Twenty states could immediately benefit from such a change, including New York, Texas, Ohio, Indiana and Massachusetts. These twenty states have contributed, on average, nearly $70 million per year over the last ten years, on top of the minimum 20 percent SRF match required to receive new federal funding. Currently those states can, on average, only provide $11.2 million of grant assistance each year. Under our proposal, states would be able to distribute $69.3 million per year as grants or other forms of subsidized assistance for eligible projects.
Fully fund EPA’s Federal Credit Assistance Program as authorized under the Water Infrastructure Finance Innovation Act
Congress passed the Water Infrastructure Finance Innovation Act (WIFIA) in 2014, authorizing a new financing mechanism that EPA could deploy to provide support for larger water infrastructure projects (greater than $20 million) and projects that seek to utilize more innovative and sustainable water infrastructure solutions. This year, the program is authorized to provide up to $25 million in credit assistance that would ultimately result in $250 million in assistance to applicants through low interst loans and loan guarantees. WIFIA should be fully funded to its authorized limits of $35 million in FY2017, $45 million in FY2018, and $50 million in FY2019. WIFIA has potential, but NRDC submitted comments with American Rivers suggesting several improvements that should be made to USEPA’s implementation of WIFIA.
Make water systems more resilient
Water and sewage treatment plants are often built in low-lying areas, making them very vulnerable to floods, coastal storms, and sea level rise. And the problems of flooding are becoming worse because of climate change. It’s imperative that EPA, and all federal agencies, comply with updated federal flood protection standards, assuming the executive order that established these standards is not revoked by President Trump.
We already spend billions of dollars to repair and rebuild water facilities damaged in flood disasters. NRDC found that FEMA has spent $10.3 billion to repair and rebuild public utilities since 1998.
The updated flood protection standards ensure the funding EPA provides for water infrastructure supports the construction of facilities that are safe for the long-term and less likely to be flooded and knocked off line by a flood or hurricane. EPAs proposed regulations for WIFIA would ensure all applicants conform to the flood protectin standards. EPA needs to make sure the standards also apply to the billions it spends through the SRFs as well.

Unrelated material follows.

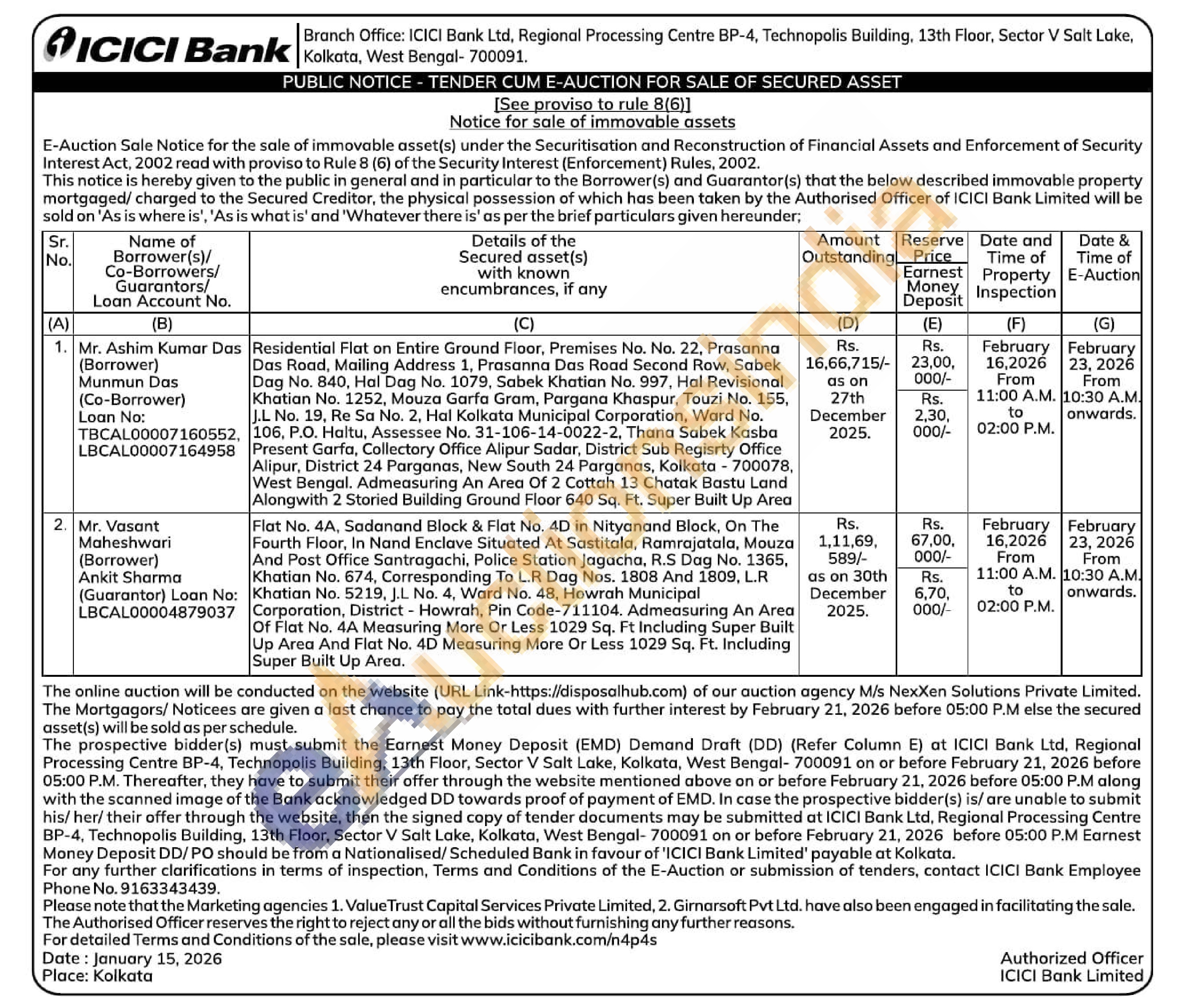 Flat No. 4A, Sadanand Block & Flat No. 4D in Nityanand Block, On The Fourth Floor, In Nand Enclave Situated At Sastitala, Ramrajatala, Mouza And Post Office Santragachi, Police Station Jagacha, R.S Dag No. 1365, Khatian No. 674, Corresponding To L.R Dag Nos. 1808 And 1809, L.R Khatian No. 5219, J.L No. 4, Ward No. 48, Howrah Municipal Corporation, District - Howrah, Pin Code-711104. Admeasuring An Area Of Flat No. 4A Measuring More Or Less 1029 Sq. Ft Including Super Built Up Area And Flat No. 4D Measuring More Or Less 1029 Sq. Ft. Including Super Built Up Area

President Trump has talked big on infrastructure, but has yet to show the nation what he can deliver, beyond a desire to roll back environmental regulations. Republicans in Congress don’t seem eager to launch a major federal infrastructure initiative, but Senate Democrats and governors of all political persuasions are keenly interested.
We need a new conversation about water infrastructure in the United States—one that isn’t just about how much we’re going to spend, but also discusses what we need to spend it on.